▸ **EXERCISE AIM**:
Among the entries below, which lines run from the line with "主题演讲中,张克文老师别具一" through the line with "A kind passerby"? Retype those, both ends included, exactly and without pictures.

━━━ DATA FOR THIS TASK ━━━

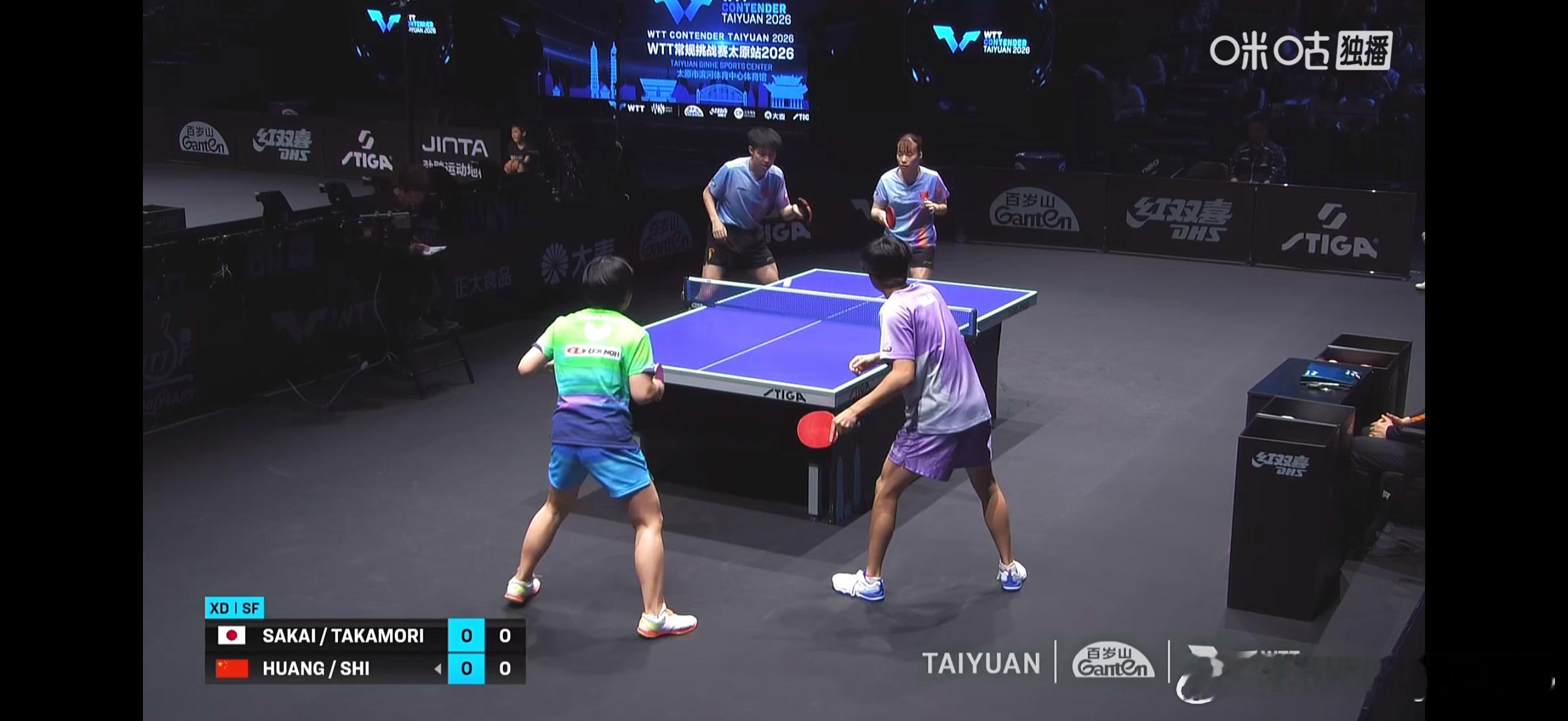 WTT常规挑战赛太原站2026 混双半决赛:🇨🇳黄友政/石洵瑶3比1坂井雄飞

━━━
━━━ DATA FOR THIS TASK ━━━

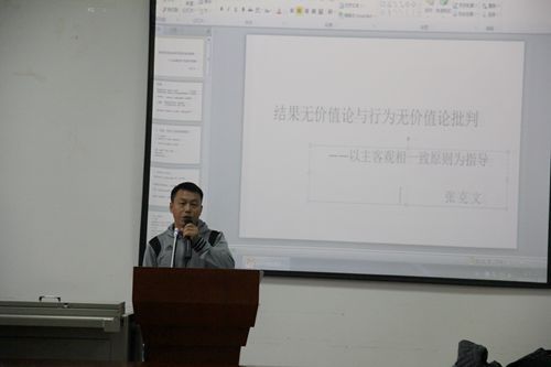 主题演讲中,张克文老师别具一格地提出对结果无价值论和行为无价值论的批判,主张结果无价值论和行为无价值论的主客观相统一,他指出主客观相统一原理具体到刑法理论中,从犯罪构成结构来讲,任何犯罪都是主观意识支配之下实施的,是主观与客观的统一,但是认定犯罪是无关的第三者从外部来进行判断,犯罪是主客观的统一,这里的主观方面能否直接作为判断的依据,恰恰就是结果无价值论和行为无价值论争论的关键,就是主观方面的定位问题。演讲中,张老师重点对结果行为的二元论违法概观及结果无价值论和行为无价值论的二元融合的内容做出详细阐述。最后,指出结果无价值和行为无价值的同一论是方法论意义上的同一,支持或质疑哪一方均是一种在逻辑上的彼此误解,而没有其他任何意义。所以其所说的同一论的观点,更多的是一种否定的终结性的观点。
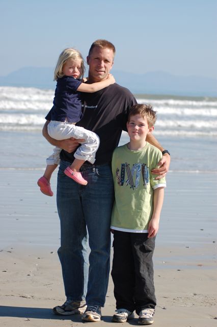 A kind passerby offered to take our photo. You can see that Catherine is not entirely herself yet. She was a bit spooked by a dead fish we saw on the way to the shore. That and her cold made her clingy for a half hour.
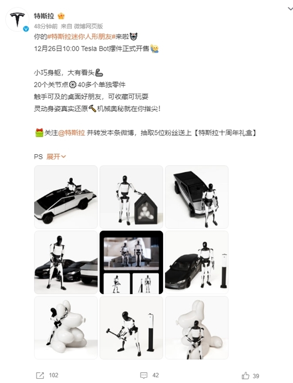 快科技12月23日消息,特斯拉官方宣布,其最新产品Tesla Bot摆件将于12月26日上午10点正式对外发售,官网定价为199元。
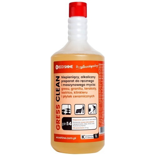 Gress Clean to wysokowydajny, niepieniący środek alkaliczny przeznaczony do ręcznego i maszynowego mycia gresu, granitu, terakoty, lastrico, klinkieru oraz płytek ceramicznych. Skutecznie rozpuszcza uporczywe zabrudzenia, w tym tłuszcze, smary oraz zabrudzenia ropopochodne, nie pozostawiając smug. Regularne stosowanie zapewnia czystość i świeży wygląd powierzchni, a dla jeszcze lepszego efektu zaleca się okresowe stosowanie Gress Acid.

━━━
━━━ DATA FOR THIS TASK ━━━

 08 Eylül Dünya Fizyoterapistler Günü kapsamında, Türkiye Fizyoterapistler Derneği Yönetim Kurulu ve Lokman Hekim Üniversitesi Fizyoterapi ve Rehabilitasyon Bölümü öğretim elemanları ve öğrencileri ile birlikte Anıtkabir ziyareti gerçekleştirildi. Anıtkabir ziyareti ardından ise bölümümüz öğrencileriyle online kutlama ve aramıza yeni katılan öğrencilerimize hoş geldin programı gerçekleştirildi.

━━━

▸ **EXERCISE RESPONSE**:
 主题演讲中,张克文老师别具一格地提出对结果无价值论和行为无价值论的批判,主张结果无价值论和行为无价值论的主客观相统一,他指出主客观相统一原理具体到刑法理论中,从犯罪构成结构来讲,任何犯罪都是主观意识支配之下实施的,是主观与客观的统一,但是认定犯罪是无关的第三者从外部来进行判断,犯罪是主客观的统一,这里的主观方面能否直接作为判断的依据,恰恰就是结果无价值论和行为无价值论争论的关键,就是主观方面的定位问题。演讲中,张老师重点对结果行为的二元论违法概观及结果无价值论和行为无价值论的二元融合的内容做出详细阐述。最后,指出结果无价值和行为无价值的同一论是方法论意义上的同一,支持或质疑哪一方均是一种在逻辑上的彼此误解,而没有其他任何意义。所以其所说的同一论的观点,更多的是一种否定的终结性的观点。
 A kind passerby offered to take our photo. You can see that Catherine is not entirely herself yet. She was a bit spooked by a dead fish we saw on the way to the shore. That and her cold made her clingy for a half hour.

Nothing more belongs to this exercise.